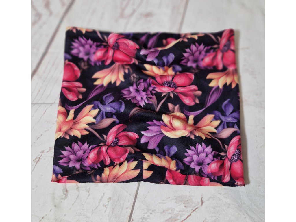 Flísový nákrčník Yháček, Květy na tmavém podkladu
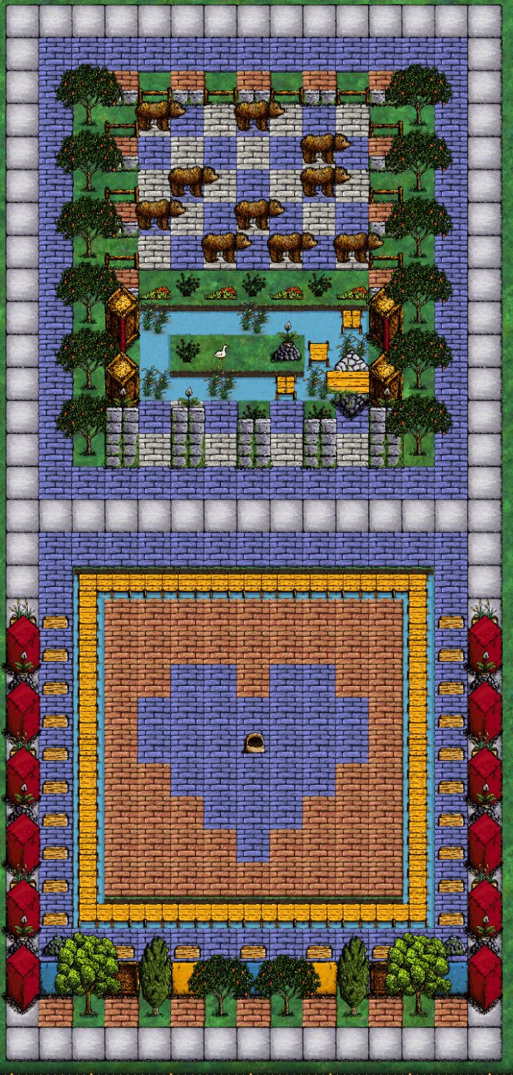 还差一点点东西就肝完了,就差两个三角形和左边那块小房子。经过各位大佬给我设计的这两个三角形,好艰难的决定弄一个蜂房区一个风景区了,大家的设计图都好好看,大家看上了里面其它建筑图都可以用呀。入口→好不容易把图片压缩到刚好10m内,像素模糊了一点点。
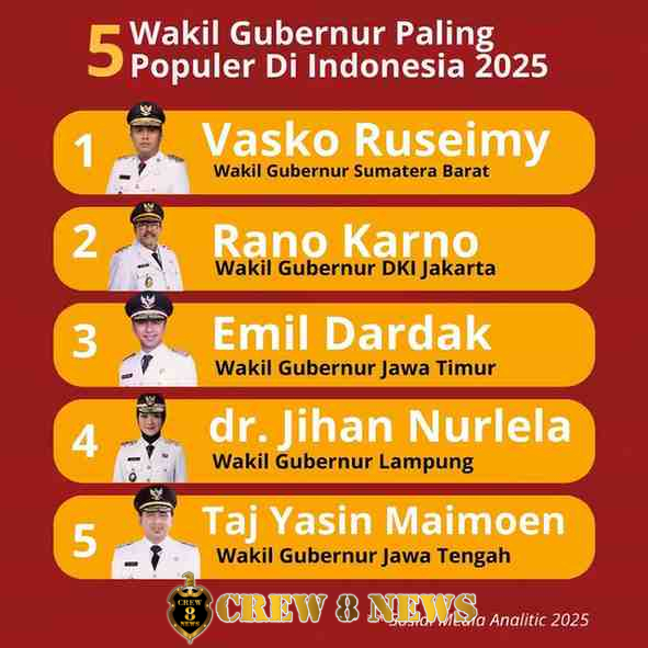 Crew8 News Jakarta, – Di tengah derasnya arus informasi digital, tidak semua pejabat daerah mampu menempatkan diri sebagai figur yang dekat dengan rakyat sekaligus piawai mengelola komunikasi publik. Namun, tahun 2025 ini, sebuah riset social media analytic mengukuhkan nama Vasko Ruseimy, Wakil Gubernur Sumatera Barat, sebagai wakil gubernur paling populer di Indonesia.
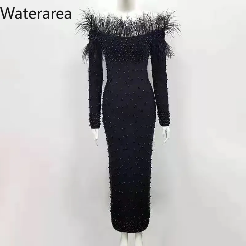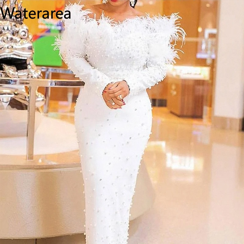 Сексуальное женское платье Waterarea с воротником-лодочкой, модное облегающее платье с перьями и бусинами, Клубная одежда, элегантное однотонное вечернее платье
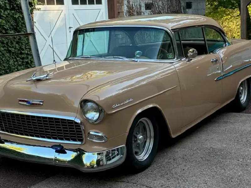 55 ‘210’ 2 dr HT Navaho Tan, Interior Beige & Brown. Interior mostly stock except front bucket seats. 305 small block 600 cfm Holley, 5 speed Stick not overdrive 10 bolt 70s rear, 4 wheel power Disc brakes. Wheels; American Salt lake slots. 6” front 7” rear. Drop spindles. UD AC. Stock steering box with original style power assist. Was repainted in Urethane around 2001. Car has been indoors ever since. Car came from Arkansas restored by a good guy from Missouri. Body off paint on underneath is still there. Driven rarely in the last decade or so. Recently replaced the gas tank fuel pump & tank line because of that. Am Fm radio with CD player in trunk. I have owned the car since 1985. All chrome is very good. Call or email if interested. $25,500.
::::::::::
◆ **Task objective**
Copy all records exactly, no images.

◆ **Exercise output**
 Flísový nákrčník Yháček, Květy na tmavém podkladu
 还差一点点东西就肝完了,就差两个三角形和左边那块小房子。经过各位大佬给我设计的这两个三角形,好艰难的决定弄一个蜂房区一个风景区了,大家的设计图都好好看,大家看上了里面其它建筑图都可以用呀。入口→好不容易把图片压缩到刚好10m内,像素模糊了一点点。
 Crew8 News Jakarta, – Di tengah derasnya arus informasi digital, tidak semua pejabat daerah mampu menempatkan diri sebagai figur yang dekat dengan rakyat sekaligus piawai mengelola komunikasi publik. Namun, tahun 2025 ini, sebuah riset social media analytic mengukuhkan nama Vasko Ruseimy, Wakil Gubernur Sumatera Barat, sebagai wakil gubernur paling populer di Indonesia.
 Сексуальное женское платье Waterarea с воротником-лодочкой, модное облегающее платье с перьями и бусинами, Клубная одежда, элегантное однотонное вечернее платье
 55 ‘210’ 2 dr HT Navaho Tan, Interior Beige & Brown. Interior mostly stock except front bucket seats. 305 small block 600 cfm Holley, 5 speed Stick not overdrive 10 bolt 70s rear, 4 wheel power Disc brakes. Wheels; American Salt lake slots. 6” front 7” rear. Drop spindles. UD AC. Stock steering box with original style power assist. Was repainted in Urethane around 2001. Car has been indoors ever since. Car came from Arkansas restored by a good guy from Missouri. Body off paint on underneath is still there. Driven rarely in the last decade or so. Recently replaced the gas tank fuel pump & tank line because of that. Am Fm radio with CD player in trunk. I have owned the car since 1985. All chrome is very good. Call or email if interested. $25,500.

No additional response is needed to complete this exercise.